Saccharomyces cerevisiae (yeast) can undergo PCD triggered by aging, drugs, heat stress, UV radiation, heterologous expression of pro-apoptotic human genes, and acetic acid20,21. The process shows the canonical apoptosis hallmarks, such as phosphatidylserine externalization, chromatin condensation and DNA fragmentation, cytochrome c release from mitochondria, and dissipation of the mitochondrial transmembrane potential22.

The ribosome structure organization in yeast requires a fine-tuning in the gene expression of many of its components, involving 200 assembly factors. The 60S ribosomal subunit contains three rRNAs (25S, 5.8S, and 5S) and 46 ribosomal proteins, while the 40S subunit is composed of a single rRNA (18S) and 33 proteins23. The yeast genome is reported to encode 137 ribosomal protein genes (RPGs), 150 rDNA repeats, and 76 small nucleolar RNAs (snoRNAs), that are mainly involved in the post-transcriptional modifications of the rRNAs24,25. Changes in the expression of each single components participating in the overall process may affect the ribosome biogenesis25,26,27. RPGs in yeast are characterized by couples of paralogs28. In particular, among the 137 RPGs annotated in the S. cerevisiae genome, 116 were identified to be ohnologs, i.e., duplicated genes, or paralogs, originated by a whole genome duplication29. In 2019, Ghulam et al.30. demonstrated that the stoichiometry of ohnolog RPGs changes in response to variations of environmental conditions.
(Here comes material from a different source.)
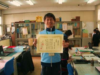 本校の稲井雅大教諭は、大阪市教育委員会事業「がんばる先生支援個人・グループ研究」に3年連続で選ばれています。さらにこのたび、日本教育会主催の平成27年度教育実践顕彰事業に応募した論文が、なんと全国第2位に相当する「奨励賞」を受賞しました。

In particular, under physiological conditions, the ribosome population is dominated by the presence of one of the two paralogs that was defined as the major paralog. When cells are exposed to stress conditions, decreased expression of the major paralog and/or overexpression of the minor one, in ohnolog pairs of ribosomal proteins, reduce the relative proportion of the major versus the minor paralog content in the cell30.

We exploited RNA-seq data of yeast undergoing PCD when treated with acetic acid. The experiment considers three different time points after exposure (45, 120, and 200 min)31. Our results show changes in the gene expression of RPGs, with differential patterns between pairs of ohnologs when compared to control conditions. Moreover, snoRNA genes are also differentially expressed, revealing additional changes in contributors to ribosomal biogenesis. We show also a differential expression of genes coding for mitochondrial ribosomal proteins (MRPGs). A different trend, moreover, characterizes the expression of the proteins of the mitoribosome versus the ones of the cytosolic ribosome.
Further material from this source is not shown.